Workshop Description

Given the success of the first and second workshops on Open-Source Arabic Corpora and Corpora Processing Tools (OSACT) in LREC 2014 and LREC 2016, where their presented papers received 77 citations up to now, the third workshop comes to encourage researchers and practitioners of Arabic language technologies, including computational linguistics (CL), natural language processing (NLP), and information retrieval (IR), to share and discuss their research efforts, corpora, and tools. The workshop will also give special attention on the wide variety of initiatives for the creation, use, and evaluation of Arabic as a type of Asian Language Resources and Technologies, which is one of LREC 2018 hot topics. In addition to the general topics of CL, NLP and IR, the workshop will give a special emphasis on a new Arabic Data challenge track.

Data Challenge Track

This year, we are introducing ArabicWeb16, a new Web dataset that is suitable for many research projects. ArabicWeb16 is a public Web crawl of 150M Arabic Web pages, crawled over the month of January 2016, with high coverage of dialectal Arabic (about 21%) as well as Modern Standard Arabic (MSA). One goal of the workshop is to define shared challenges using this dataset. We encourage submissions describing experiments for research tasks on the dataset. This includes (but not limited to) training word-embeddings, deduplication, cross-dialect search, question answering, dialect detection, knowledge-base population, entity search, blog search, text classification, and spam detection. Further details, including instructions on how to obtain the dataset, can be found here.

Topics of interest

Corpora

Surveying and criticizing the design of available Arabic corpora, their associated and processing tools.
Availing new annotated corpora for NLP and IR applications such as named entity recognition, machine translation, sentiment analysis, text classification, and language learning.
Evaluating the use of crowdsourcing platforms for Arabic data annotation.

Tools and Technologies

Language education e.g. L1 and L2.
Language modeling and word embeddings.
Tokenization, normalization, word segmentation, morphological analysis, part-of-speech tagging, etc.
Sentiment analysis, dialect identification, and text classification.
Dialect translation.

ArabicWeb16 Data Challenge

Language modeling, word embeddings.
Dialect detection, Cross-dialect search.
Entity search, Blog search, Deduplication, Spam detection.
Question answering, Knowledge-base population.
Text Classification.

Submission guidelines

We invite both long (8 pages and 2 pages of references, formatted according to the LREC guidelines) and short papers (4 pages and 2 pages of references)

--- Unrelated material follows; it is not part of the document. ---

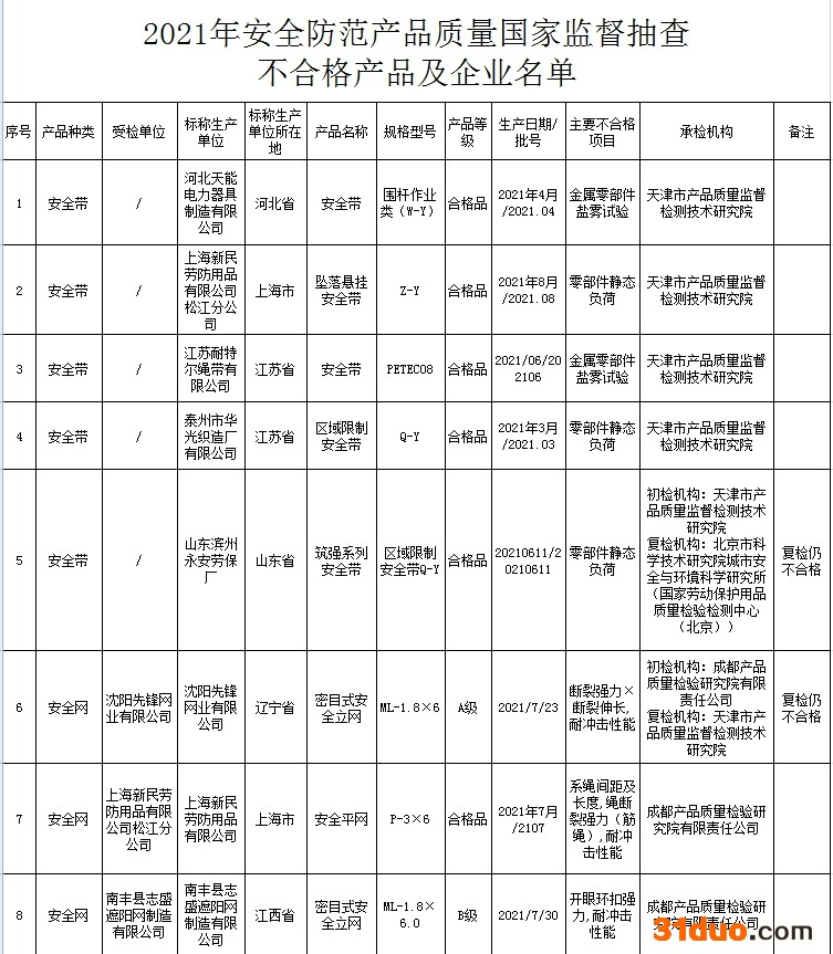 安全网抽查结果分析。安全网是指用来防止人和物坠落,或用来避免、减轻坠落及物击伤害的网具,主要用于各种建筑工地,特别是高层建筑、造船、桥梁建造等高空作业场所。本次抽查了12个省(区、市)56家企业生产的56批次安全网产品,发现3批次产品不合格,不合格发现率为5.4%。重点抽查了安全平网、安全立网、密目式安全立网等3类产品,对耐冲击性能、阻燃性能、开眼环扣强力、耐贯穿性能等项目进行了检验。抽查发现3批次不合格产品均存在多个项目不合格的问题。经技术机构分析,不合格原因主要有三点,一是企业对原材料选用不当,可能使用了再生塑料作为原料;二是生产管控不严,对产品拉丝过程温度与时间控制不合理;三是成品出厂检验力度不够,未能及时发现质量问题。从近3次国家监督抽查情况看,该产品不合格发现率逐年递减,分别为12.7%、12.0%、5.4%。

The language of the workshop is English and submissions should be with respect to LREC 2018 paper submission instructions. All papers will be peer reviewed possibly by three independent referees. Papers must be submitted electronically in PDF format to the START system. When submitting a paper from the START page, authors will be asked to provide essential information about resources (in a broad sense, i.e. technologies, standards, evaluation kits, etc.) that have been used for the work described in the paper or are a new result of your research. Moreover, ELRA encourages all LREC authors to share the described LRs (data, tools, services, etc.), to enable their reuse, replicability of experiments (including evaluation ones).

Identify, Describe and Share your LRs!

Describing your LRs in the LRE Map is now a normal practice in the submission procedure of LREC (introduced in 2010 and adopted by other conferences). To continue the efforts initiated at LREC 2014 about "Sharing LRs" (data, tools, web-services, etc.), authors will have the possibility, when submitting a paper, to upload LRs in a special LREC repository. This effort of sharing LRs, linked to the LRE Map for their description, may become a new "regular" feature for conferences in our field, thus contributing to creating a common repository where everyone can deposit and share data.

As scientific work requires accurate citations of referenced work so as to allow the community to understand the whole context and also replicate the experiments conducted by other researchers, LREC 2016 endorses the need to uniquely Identify LRs through the use of the International Standard Language Resource Number (ISLRN), a Persistent Unique Identifier to be assigned to each Language Resource. The assignment of ISLRNs to LRs cited in LREC papers will be offered at submission time.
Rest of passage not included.